Personal information
- Nationality: British
- Born: John Watson 9 June 1983 (age 43) England
- Height: 5 ft 10 in (1.78 m)
- Weight: Lightweight

Boxing career
- Stance: Orthodox

Boxing record
- Total fights: 18
- Wins: 14
- Win by KO: 6
- Losses: 4
- Draws: 0
- No contests: 0

= John Watson (boxer) =

British lightweight boxer (born 1983)

John Watson (born 9 June 1983) is a British lightweight boxer, based in Liverpool, Merseyside, United Kingdom. He has fought for the British lightweight title on two occasions, losing to Gavin Rees and Anthony Crolla.

==Boxing career==

===Amateur career===
On 28 April 2002 Watson was crowned Junior ABA champion after opponent Jimmy Fletcher pulled out of the final with an injury. The pinnacle of Watson's amateur career was winning the 2004 senior Amateur Boxing Association championships at light welterweight Watson was involved with the 2004 Olympics being Amir Khan's chief training and sparring partner. The same year saw Watson pick up bronze boxing for England in a multinations tournament, held in Lithuania.

===Professional career===
Watson turned professional on 10 March 2007, scoring a points victory against Jason Nesbitt. Watson scored another points victory in his second bout against Johnny Greaves on 11 August 2007. In his final fight of 2007 Watson defeated Ade Adebolo by TKO. Watson returned to the ring in February 2008 against Darren Broomhall, victory coming via a KO in the first round. The following month Watson chalked another win against Baz Carey. After his first seven wins Watson signed a three-year contract with David Haye's Hayemaker Promotions. He finished the year Boxing at London's O2 Arena against Silence Saheed on the Undercard of David Haye's Heavyweight Debut against Monte Barrett.

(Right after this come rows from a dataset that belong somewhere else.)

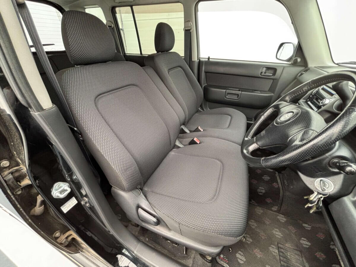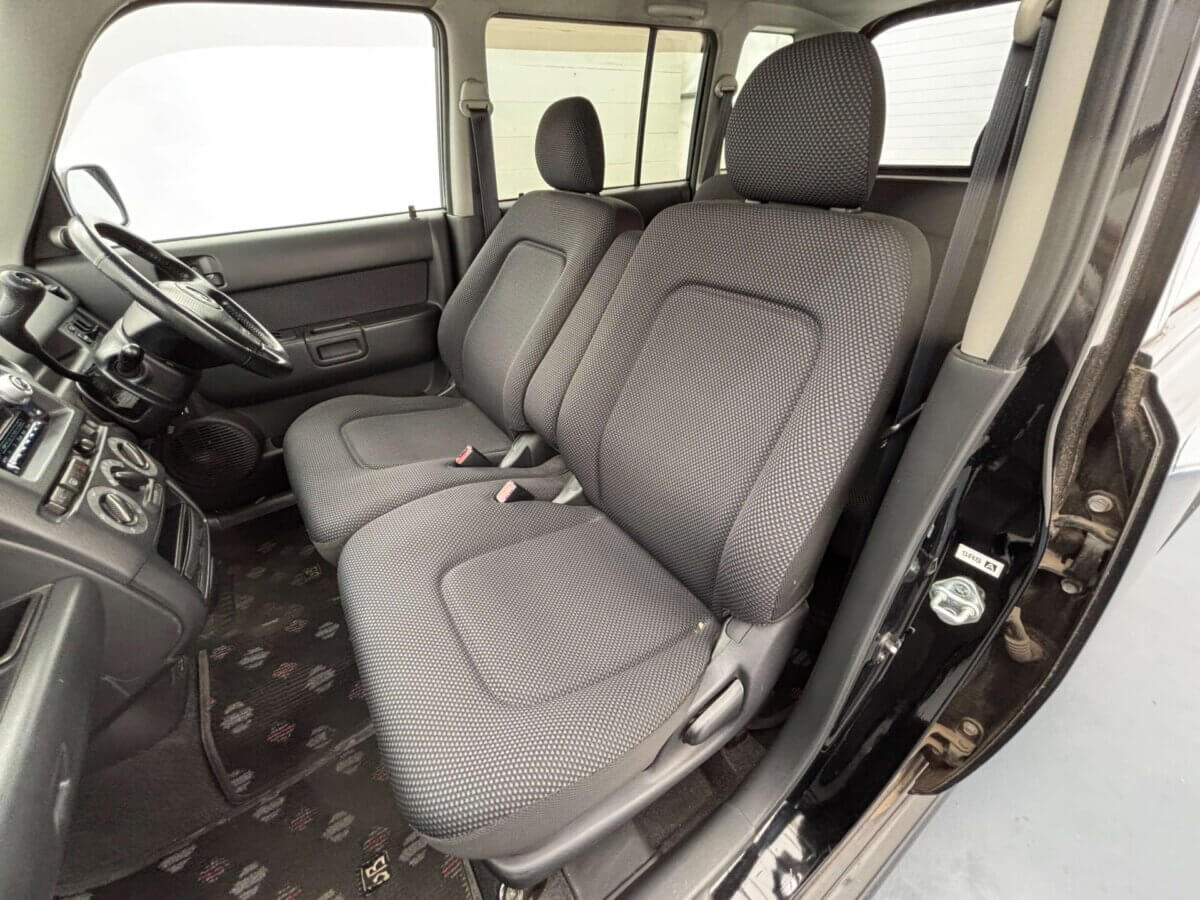 - GET CLOSER. DRIVE DIFFERENT. Toyota bB – Shine Black Column shift. Open front seat. Roomy enough to relax — close enough to feel it. This is JDM with attitude.
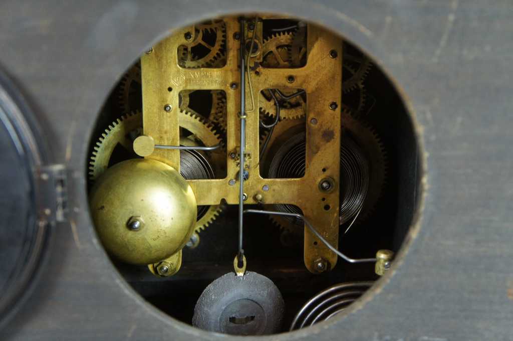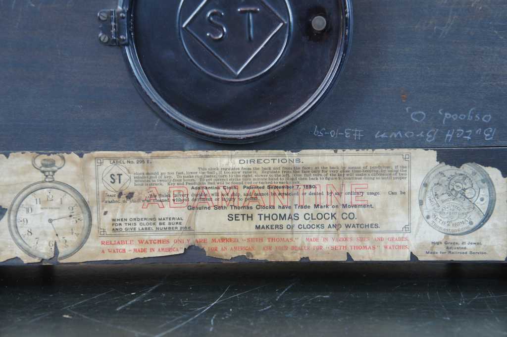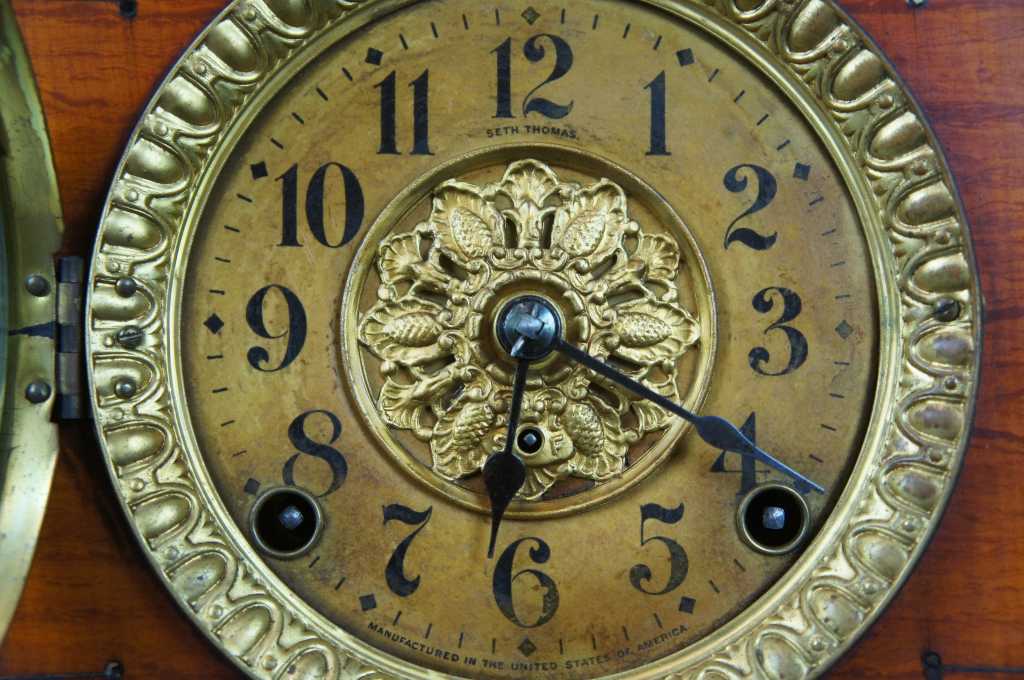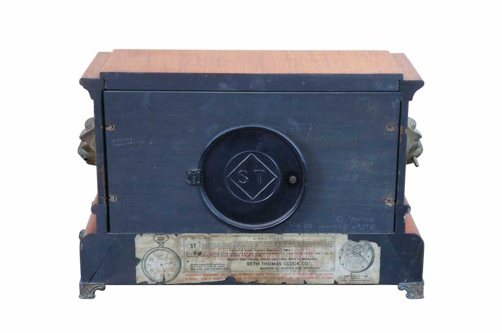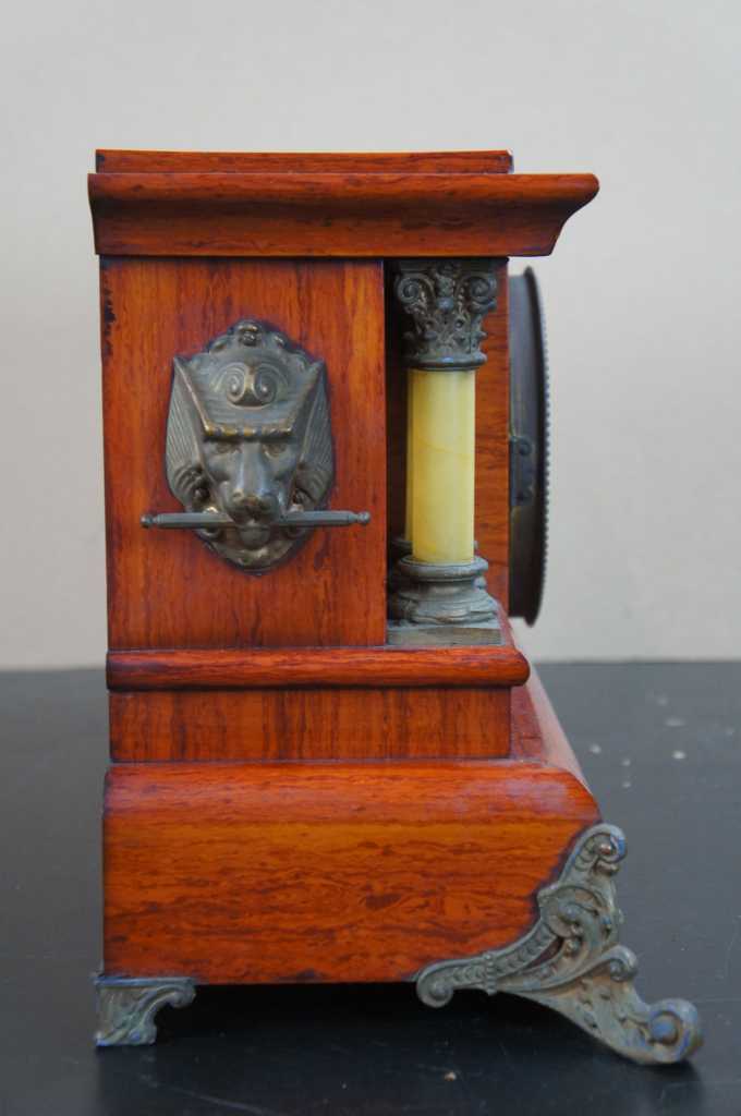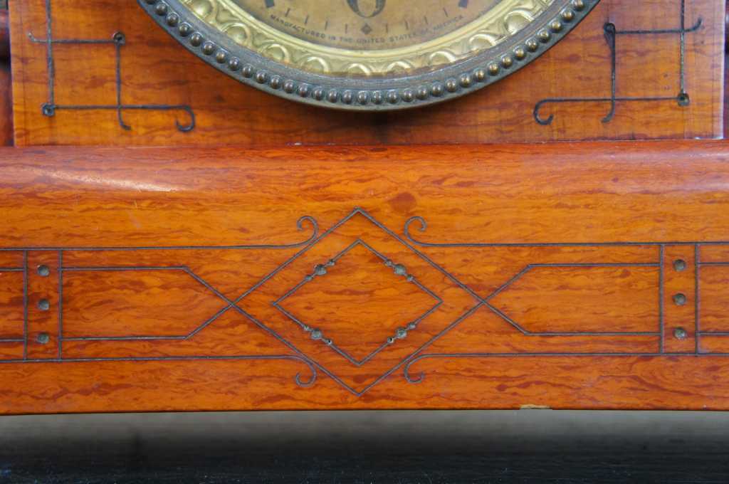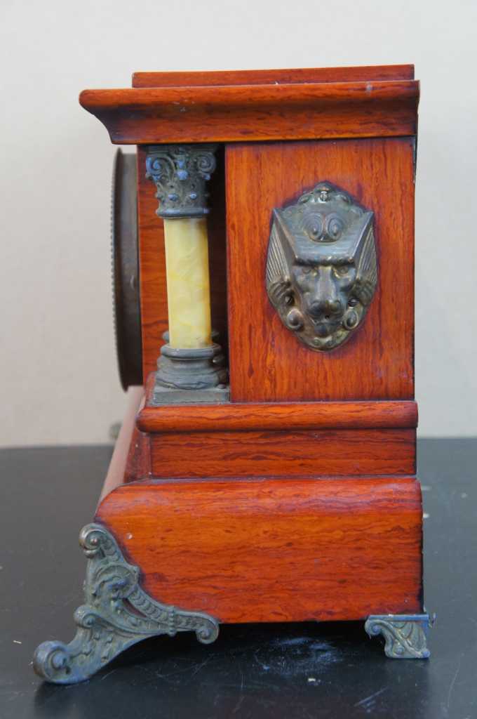 A gorgeous turn of the century mantel clock by Seth Thomas. Adamantine No 295 E. A light wood cherry finish with engraved detail. Features 4 amber colored pillars along the front, a brass face and lion heads along the sides.
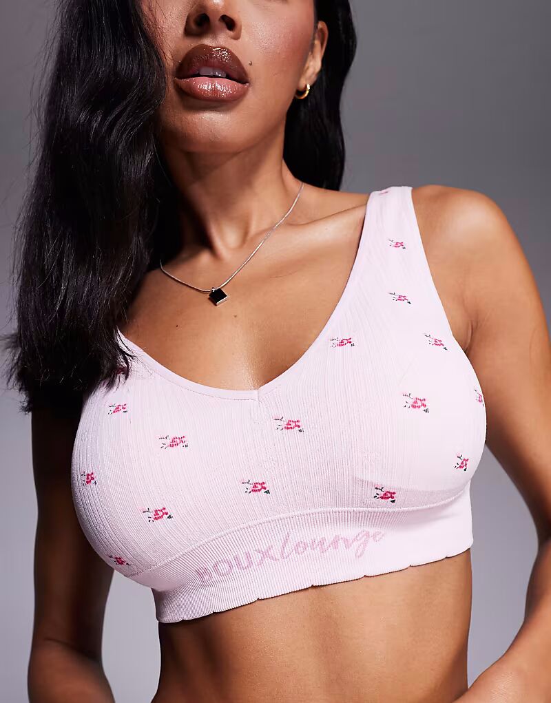 Бюстгальтер-бралетт с принтом роз Boux Avenue, розовый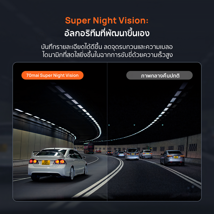 สำหรับการขับขี่ในเวลากลางคืน กล้องติดรถยนต์ 4K A800SE ยังคงมอบประสิทธิภาพที่ยอดเยี่ยมด้วยเทคโนโลยี Super Night Vision ที่ขับเคลื่อนด้วยอัลกอริธึมประมวลผลภาพที่พัฒนาขึ้นโดย 70mai และรูรับแสงขนาดใหญ่ F1.55 การปรับแต่งขั้นสูงนี้ช่วยลดสัญญาณรบกวนและประสิทธิภาพการรับแสงแม้ในสภาพแสงน้อย ด้วยรูรับแสงที่กว้างขึ้นสามารถรับแสงได้มากกว่ารุ่นทั่วไปถึง 78% เมื่อเทียบกับเลนส์ F2.0 ทำให้ได้ภาพที่คมชัด สีสันสดใส และแม่นยำ แม้ในคืนที่มืดหรือฝนตก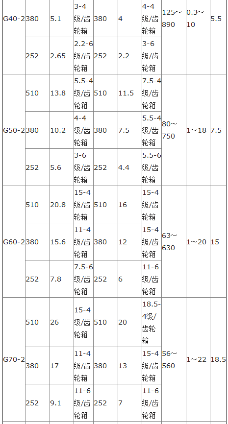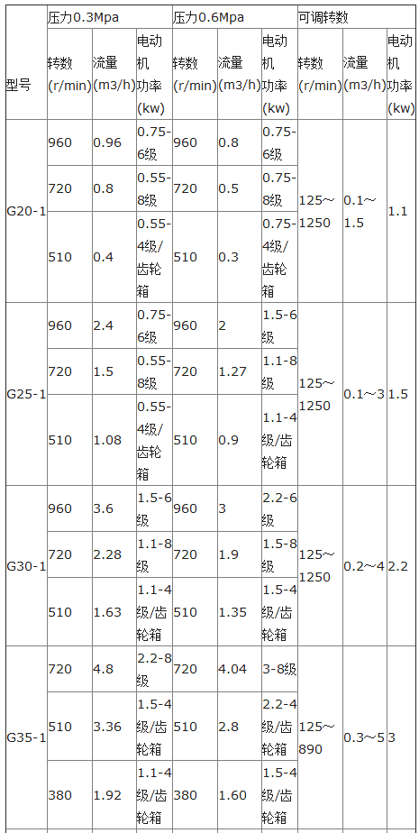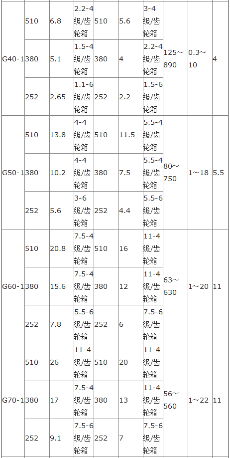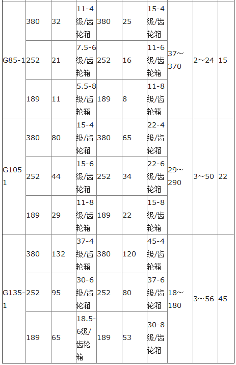 單級,由齒輪變速、電磁調速電機加齒輪變速或無級變速電機加齒輪變速時的性能參數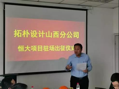 2019年3月26日,拓樸設(shè)計(jì)山西分公司恒大項(xiàng)目駐場(chǎng)出征儀式如期舉行,總公司執(zhí)行總經(jīng)理李玉軍、恒大總工室領(lǐng)導(dǎo)等人一同參加了此次出征儀式,為山西分公司戰(zhàn)友出征加油助威。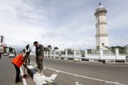 Pelanggar yang terjaring razia penegakan protokol kesehatan yang digelar tim gugus tugas percepatan penanganan COVID-19 menjalani hukuman sosial dengan menyapu jalan di Banda Aceh, Aceh, Rabu (28/10/2020). Memasuki libur panjang dan cuti bersama memperingati Maulid Nabi Muhammad SAW, tim gugus tugas percepatan penanganan COVID-19 Kota Banda Aceh Razia memperketat pengawasan dengan menggelar razia masker sebagai upaya meningkatkan kesadaran warga dalam menerapkan protokol kesehatan. ANTARA FOTO/Irwansyah Putra/hp.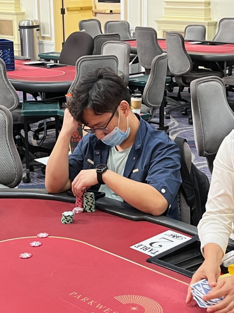 Players are taking their first 15-minute breather of the day in our $1,200 buy-in Parkwest…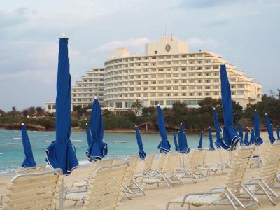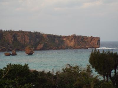 万座毛が一望できるホテルです。南側からしか見たことがなかったので、万座毛の全貌を見ることができ、その造形のダイナミックさに驚きました。おへその様に海に突き出た半島全体がこのホテルなので、空も海もビーチも独占したような気分になれます。2013年12月28日から3泊4日で行ってきました。東京から来る、1歳10カ月の孫を連れた息子夫婦を、伊丹からの我々夫婦が迎える形になりました。年末ということでかなりごった返していましたが、トヨタレンタカーを借りてから、お昼はソーキ蕎麦を頂きました。(詳細は旅行記をご参照くださいませ)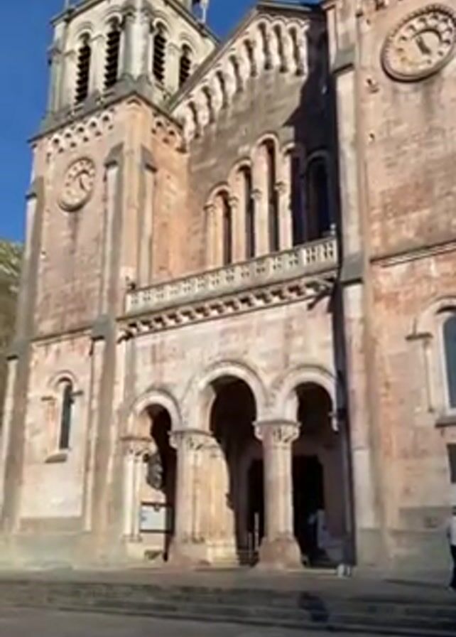 The video presents an exterior view of a grand church. The building is constructed of stone, featuring a prominent tower, arched doorways, and windows. Two clocks are visible on the church's façade. The sky is a clear blue, and the surroundings include steps leading up to the entrance and a plaza. The camera pans to reveal a statue on a pedestal, a tall green tree, and a backdrop of a mountain range. Several people are walking around the plaza.

On 28 March 2009, Watson fought against former BBBofC English lightweight title holder Martin Gethin in an eliminator for the BBBofC Lightweight Title. Watson won the fight in what turned out to be a narrow points victory. His final fight of 2009 was against Syrian boxer Youssef Al Hamidi which Watson won on points. Watson then signed with Frank Maloney's FTM Promotions after the demise of Setanta Sports.

====British title challenges====
Watson's first fight of 2010 resulted in a points win against Ben Murphy on 19 March and a fifth round stoppage win against Ben Lawler on 4 June. On 6 November 2010 Watson met former WBA world champion Gavin Rees for the full British lightweight title, losing for the first time in his career in the 11th round. He fought once more for the title in his next fight after Rees vacated through illness, with Anthony Crolla stepping in to fight for the now vacant title. Crolla, stepping up to lightweight for the first time inflicted a second career defeat on Watson, winning in the 9th round.